*GOAL OF THE EXERCISE*
In the entries below, the line with "su propio territorio." marks the start. Return it and every following line exactly, ending with the last.

*SUPPLIED RECORDS*
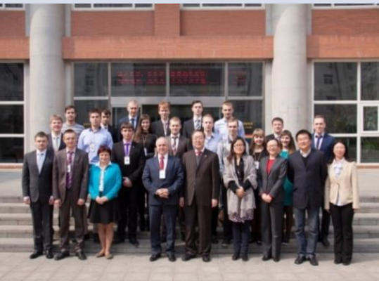
圣彼得堡国立交通大学高速铁路培训 2015 Семинар по ВСМ для студентов из СПбУПС в 2015г.

Проводятся семинары по транспорту, укреплять экспорта образовательных ресурсов
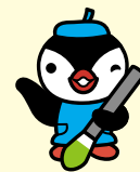
交通安全ポスターコンクール キャラクター 「ガシヨー」
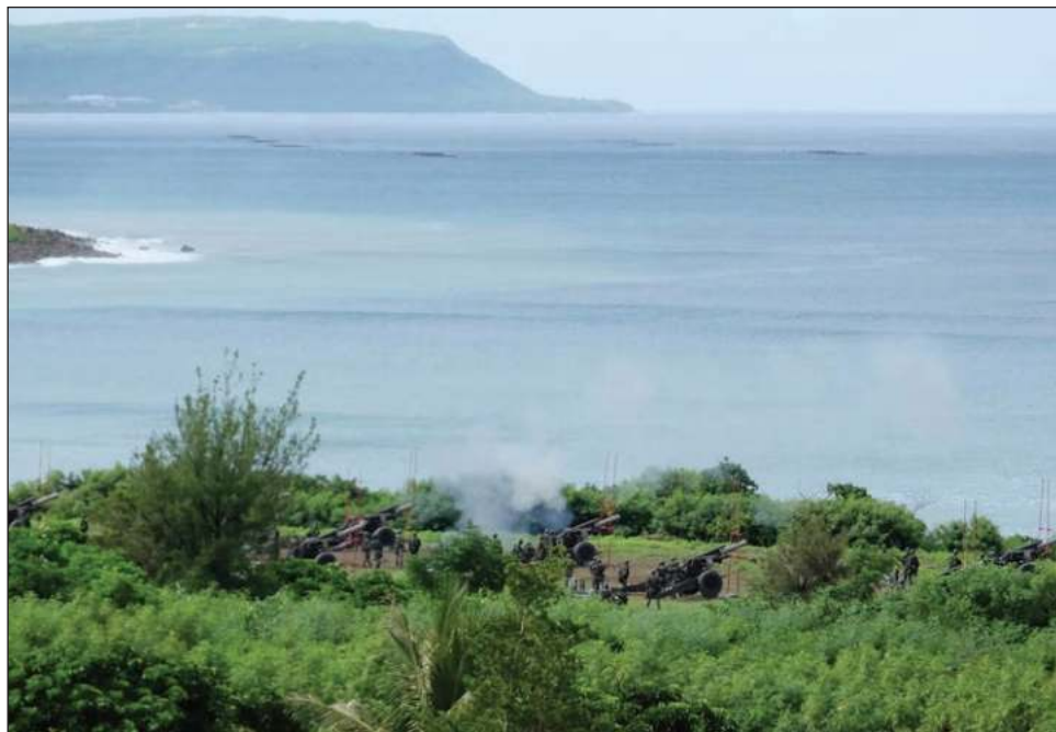
▲ El ministro taiwanés de Exteriores Joseph Wu dijo que Beijing aspira a dominar el Pacífico Occidental y anexionarse Taiwán, que reclama como su propio territorio.

China dijo que sus maniobras respondían a la visita a la isla de la presidente de la Cámara de Representantes de Estados Unidos, Nancy Pelosi, la semana pasada. Sin embargo, Wu afirmó que China utilizaba

*OUTPUT FOR THIS TASK*
▲ El ministro taiwanés de Exteriores Joseph Wu dijo que Beijing aspira a dominar el Pacífico Occidental y anexionarse Taiwán, que reclama como su propio territorio.

China dijo que sus maniobras respondían a la visita a la isla de la presidente de la Cámara de Representantes de Estados Unidos, Nancy Pelosi, la semana pasada. Sin embargo, Wu afirmó que China utilizaba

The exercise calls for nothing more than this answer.